● **BRIEF**:
Reproduce the lines below exactly, from the one containing "Radicado en Madrid." through the one containing "Repas délicieux, cadre", both included. Leave out any pictures.

● **THE DATA**:
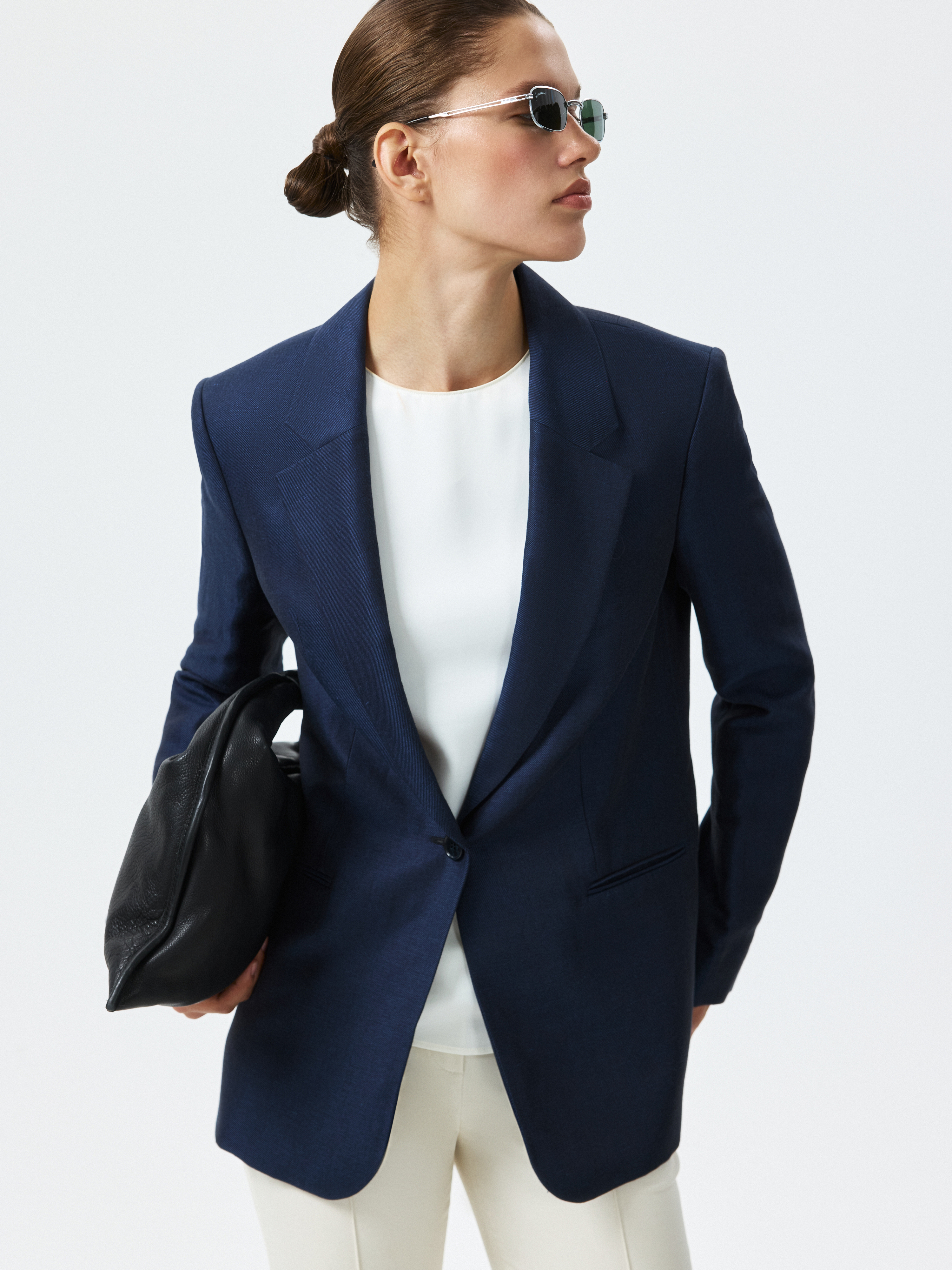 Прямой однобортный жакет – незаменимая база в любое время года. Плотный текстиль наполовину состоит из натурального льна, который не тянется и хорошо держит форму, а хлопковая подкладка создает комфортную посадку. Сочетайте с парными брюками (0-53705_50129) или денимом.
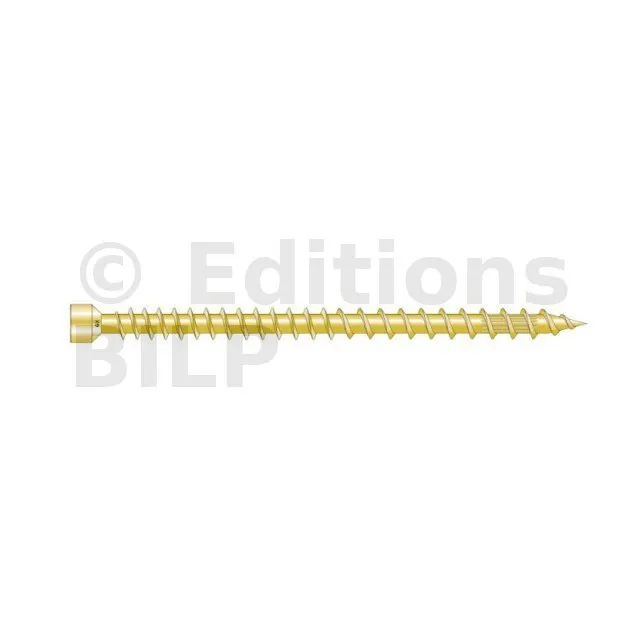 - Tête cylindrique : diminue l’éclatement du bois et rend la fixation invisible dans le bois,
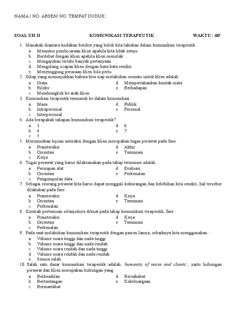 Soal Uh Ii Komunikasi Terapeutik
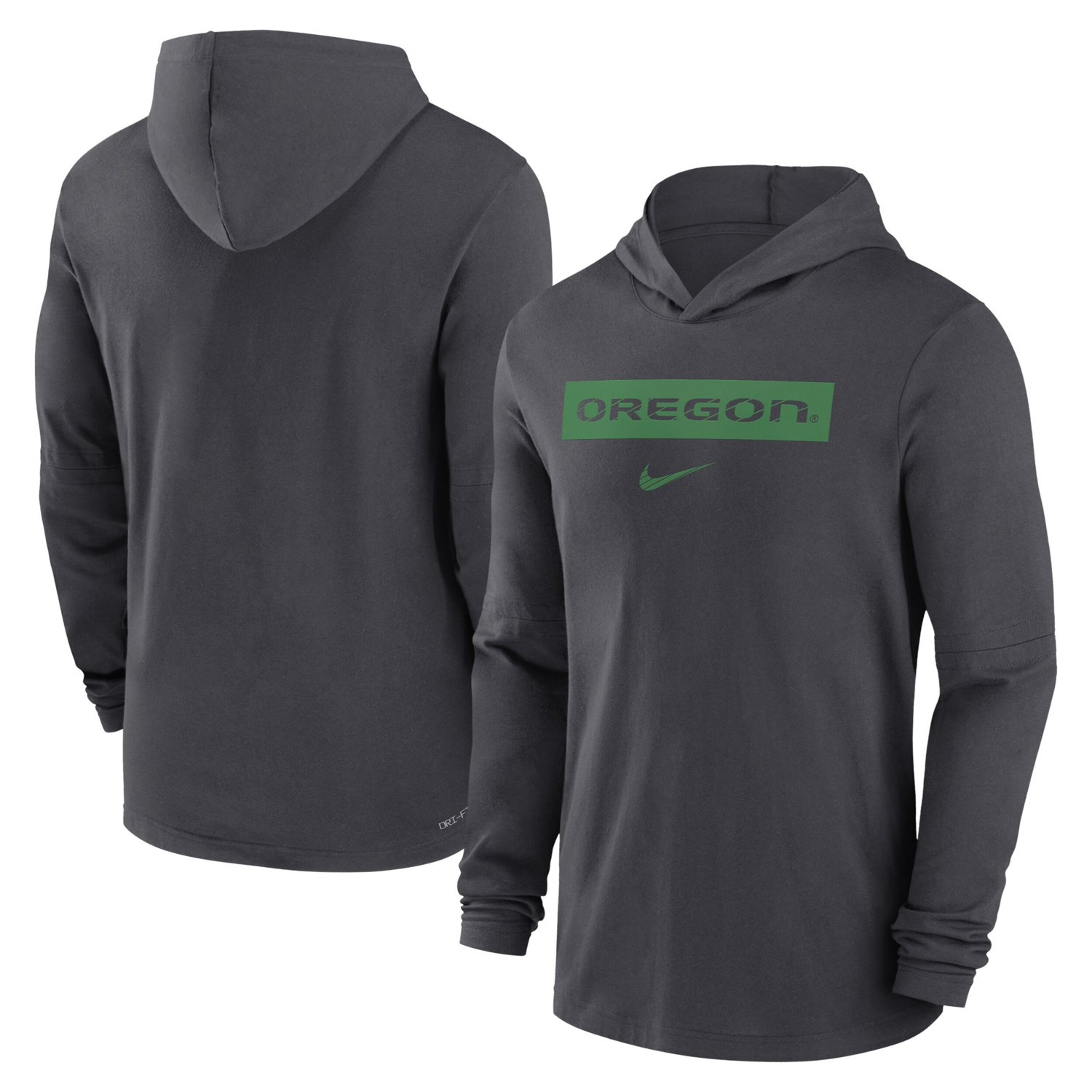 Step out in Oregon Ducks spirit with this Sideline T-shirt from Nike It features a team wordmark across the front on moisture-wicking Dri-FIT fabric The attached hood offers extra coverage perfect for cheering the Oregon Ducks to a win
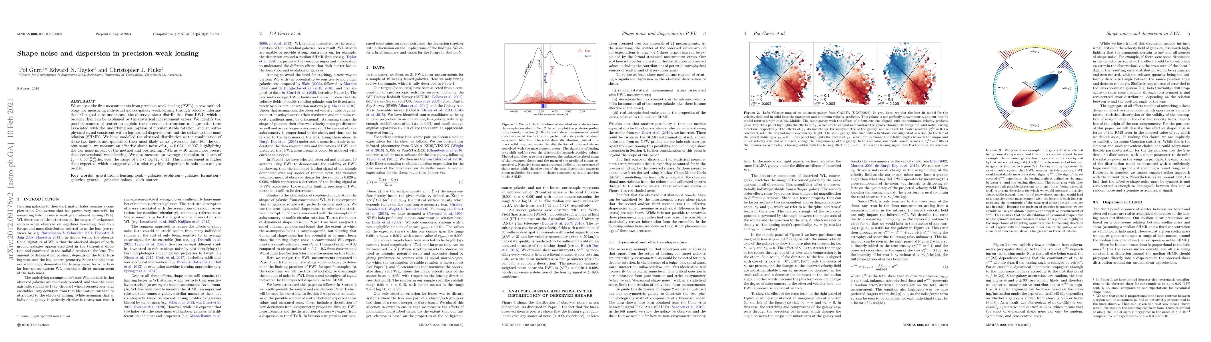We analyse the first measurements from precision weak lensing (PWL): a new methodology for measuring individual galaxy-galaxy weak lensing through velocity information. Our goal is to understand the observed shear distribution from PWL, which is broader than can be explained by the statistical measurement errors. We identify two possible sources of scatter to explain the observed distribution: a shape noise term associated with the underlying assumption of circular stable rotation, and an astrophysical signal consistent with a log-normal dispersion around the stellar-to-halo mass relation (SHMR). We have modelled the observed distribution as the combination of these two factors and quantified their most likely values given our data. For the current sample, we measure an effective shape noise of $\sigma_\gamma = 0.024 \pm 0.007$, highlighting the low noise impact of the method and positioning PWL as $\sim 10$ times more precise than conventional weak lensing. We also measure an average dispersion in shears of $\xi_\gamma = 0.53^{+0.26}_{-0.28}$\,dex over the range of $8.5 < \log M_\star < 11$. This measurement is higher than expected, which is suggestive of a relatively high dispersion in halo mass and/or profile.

* * *

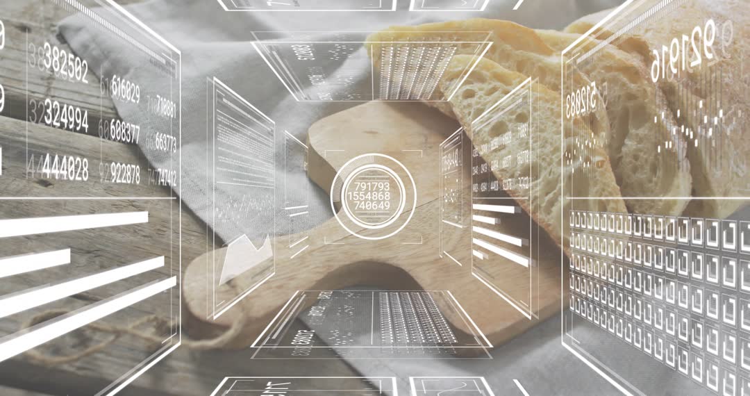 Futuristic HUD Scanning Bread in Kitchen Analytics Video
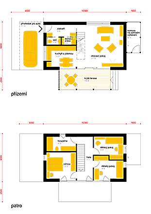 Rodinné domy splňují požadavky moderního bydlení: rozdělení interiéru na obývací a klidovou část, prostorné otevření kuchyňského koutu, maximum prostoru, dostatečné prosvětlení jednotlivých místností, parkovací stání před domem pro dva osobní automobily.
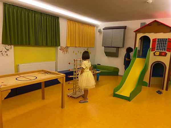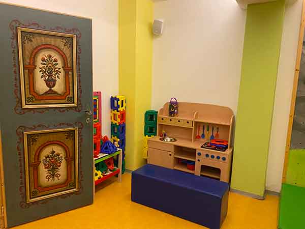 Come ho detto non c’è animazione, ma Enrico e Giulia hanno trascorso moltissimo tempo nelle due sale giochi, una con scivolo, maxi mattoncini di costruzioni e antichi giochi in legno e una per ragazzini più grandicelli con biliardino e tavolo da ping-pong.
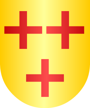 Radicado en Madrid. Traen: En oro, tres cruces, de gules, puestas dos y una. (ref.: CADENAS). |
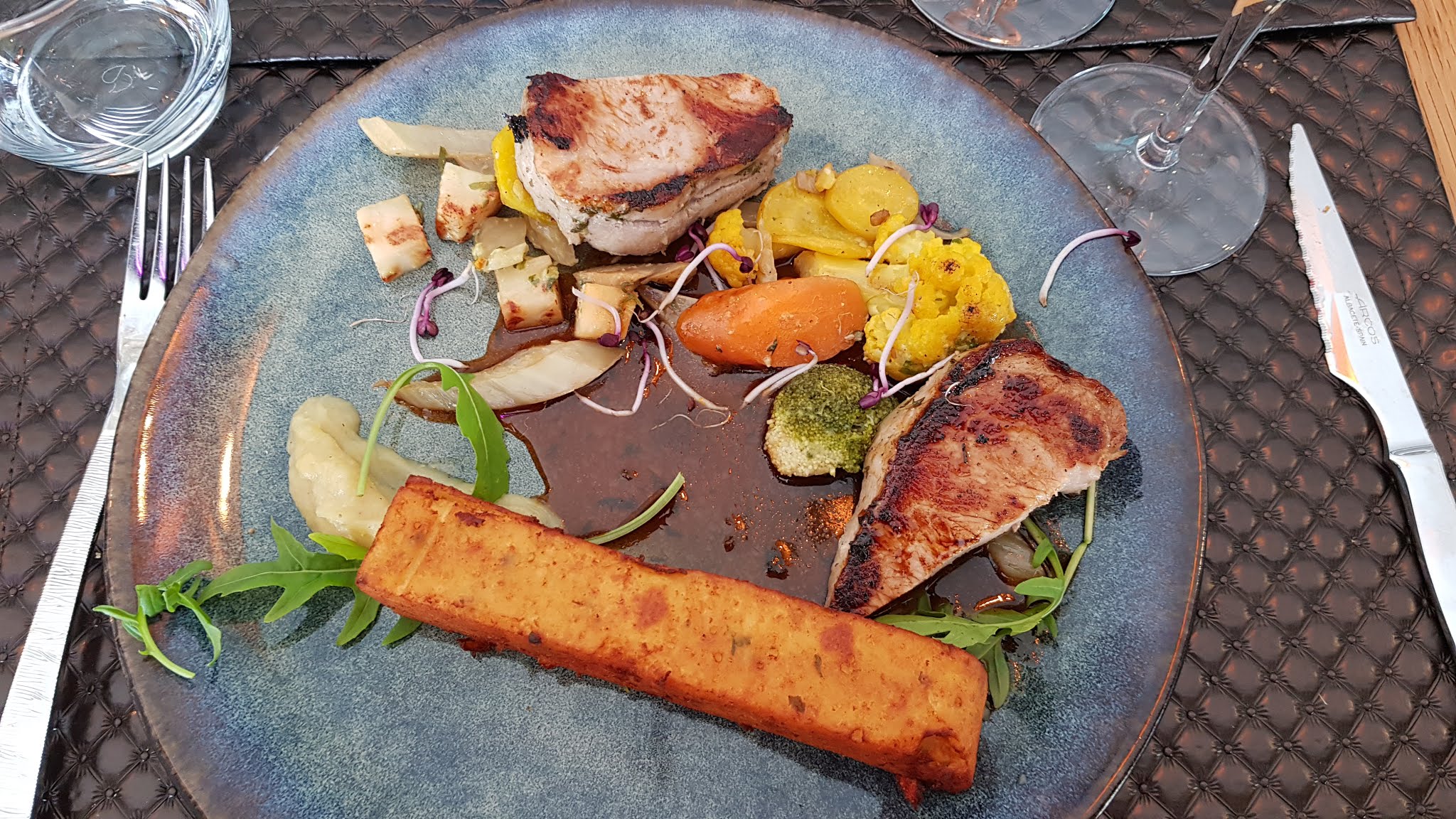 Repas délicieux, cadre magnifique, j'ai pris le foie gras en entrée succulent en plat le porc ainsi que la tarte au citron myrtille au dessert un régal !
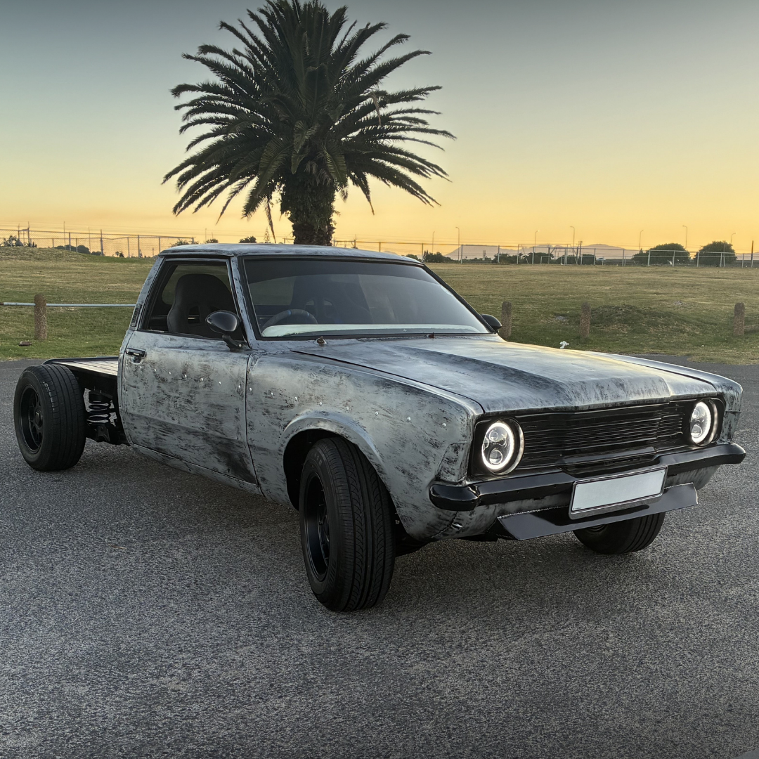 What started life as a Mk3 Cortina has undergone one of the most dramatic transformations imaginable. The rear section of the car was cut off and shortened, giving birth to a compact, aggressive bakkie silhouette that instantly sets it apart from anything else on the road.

● **EXERCISE SOLUTION**:
 Radicado en Madrid. Traen: En oro, tres cruces, de gules, puestas dos y una. (ref.: CADENAS). |
 Repas délicieux, cadre magnifique, j'ai pris le foie gras en entrée succulent en plat le porc ainsi que la tarte au citron myrtille au dessert un régal !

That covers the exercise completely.